Animals with chronic bradyarrhythmias, as occur with AV block (high-grade second-degree block or third-degree block) or sick sinus syndrome, most commonly present with weakness, episodic weakness/collapse, and syncope. Pacemaker implantation is the treatment of choice. If pacemaker implantation is not a viable option, anticholinergics, phosphodiesterase (PDE) inhibitors, or sympathomimetics may be administered.
Propantheline is a mild anticholinergic dosed as follows: for dogs, 0.25–1 mg/kg, PO, every 8–12 hours; for cats, 0.8–1.6 mg/kg or 7.5 mg/cat, PO, every 8–12 hours for maximum 3 days. The parenteral formulation of atropine may be administered orally, but it must be diluted 10:1 with corn syrup at a dosage of 0.04 mg/kg, PO, every 6–8 hours. Adverse effects include mydriasis, dry mucous membranes, tachycardia, and GI stasis.
Theophylline is a nonselective PDE inhibitor with modest positive chronotropic effects. Extended-release tablets or capsules can be given at 10 mg/kg, PO, every 12 hours; consider monitoring. If no adverse effects are evident and the desired clinical effect is not achieved, the dosage in dogs can be increased to 15 mg/kg, PO, every 12 hours, while monitoring for adverse effects; and in cats, to 20 mg/kg, PO, every 24–48 hours.

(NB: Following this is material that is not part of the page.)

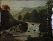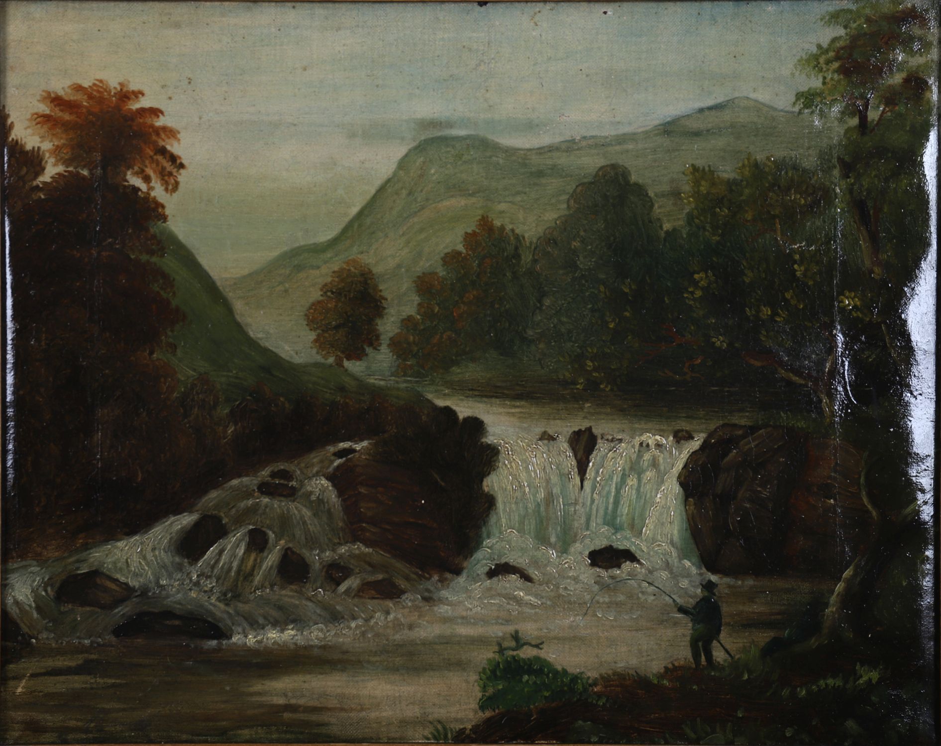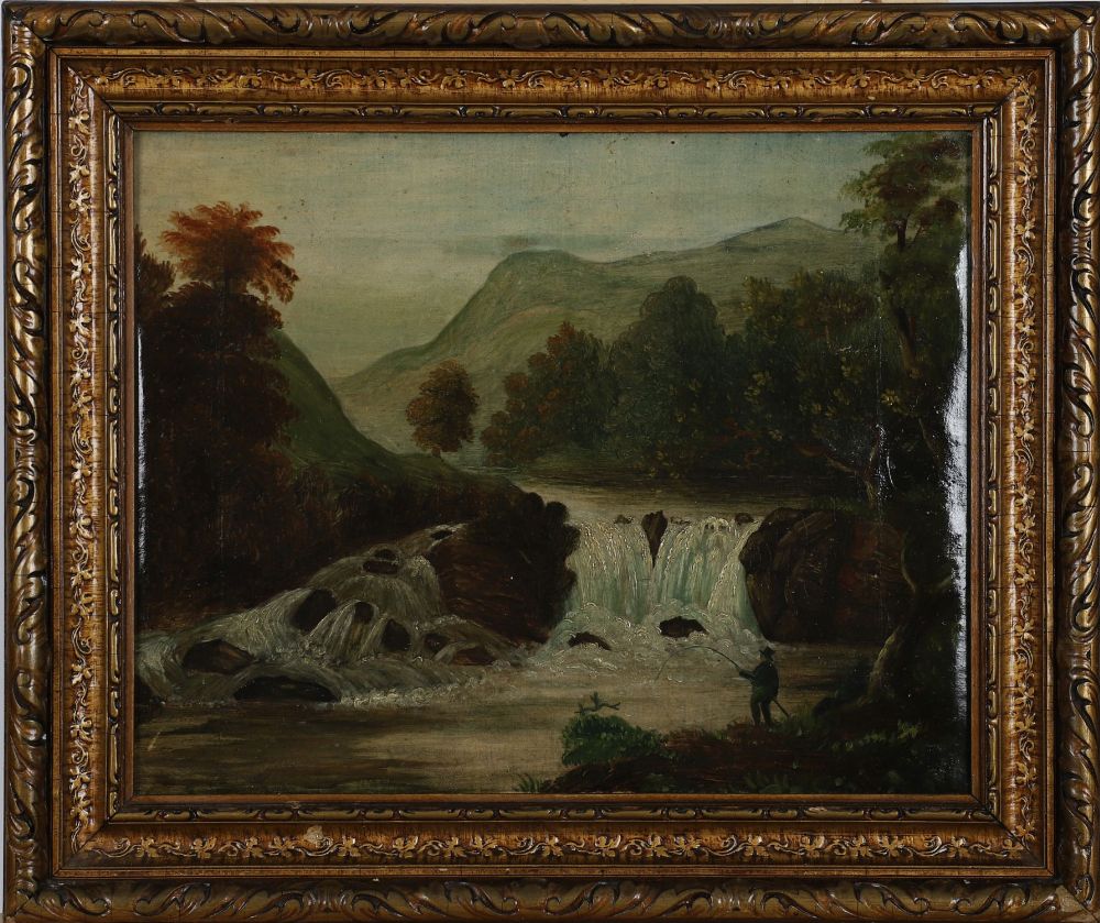 A framed oil painting depicting a river and cascading waterfall within a wooded valley, with a figure fishing in the foreground. Enclosed in an ornate gilt frame. Oil on canvas.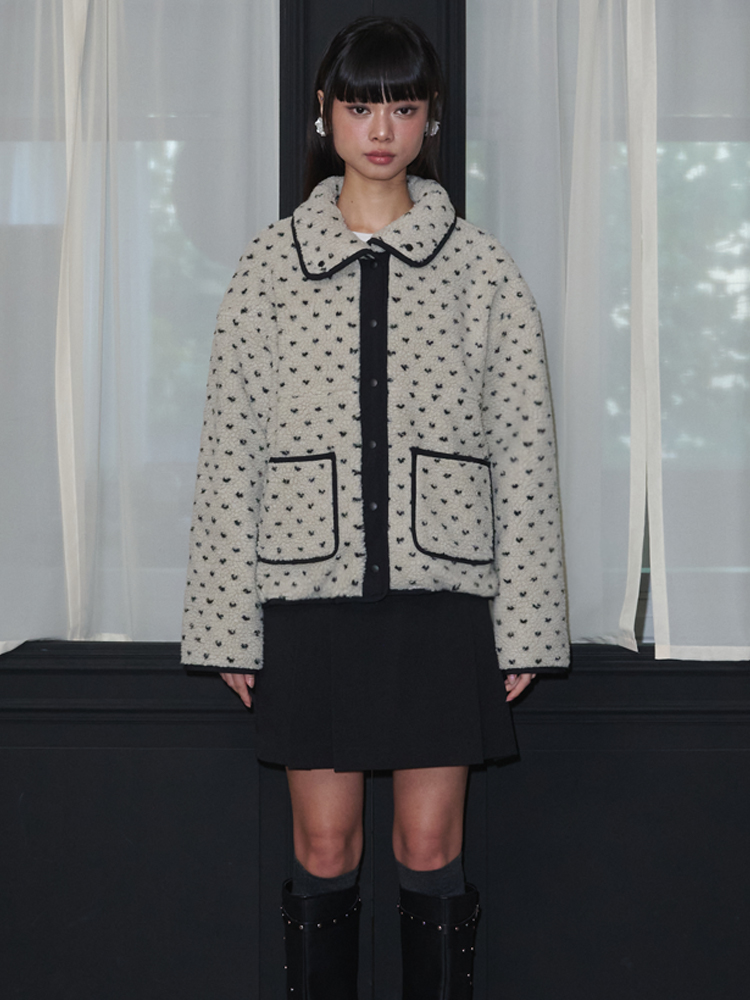 heart Dot Pattern Fleece Jacket_Ivory

Adverse effects may include restlessness, excitability, tachycardia, or GI upset.
Terbutaline is a beta-agonist that has more potent positive chronotropic effects; however, its adverse effects are similar to those observed with theophylline. It is dosed to effect at 1.25–5 mg/dog (not per kg), PO, every 8 hours; and 0.625 mg/cat, PO, every 12 hours.
Oral treatment of clinically important bradyarrhythmias that are due to high-grade second-degree or third-degree AV block is often unsuccessful, although overall clinical signs may improve in some animals. Sick sinus syndrome is more often amenable to medical treatment.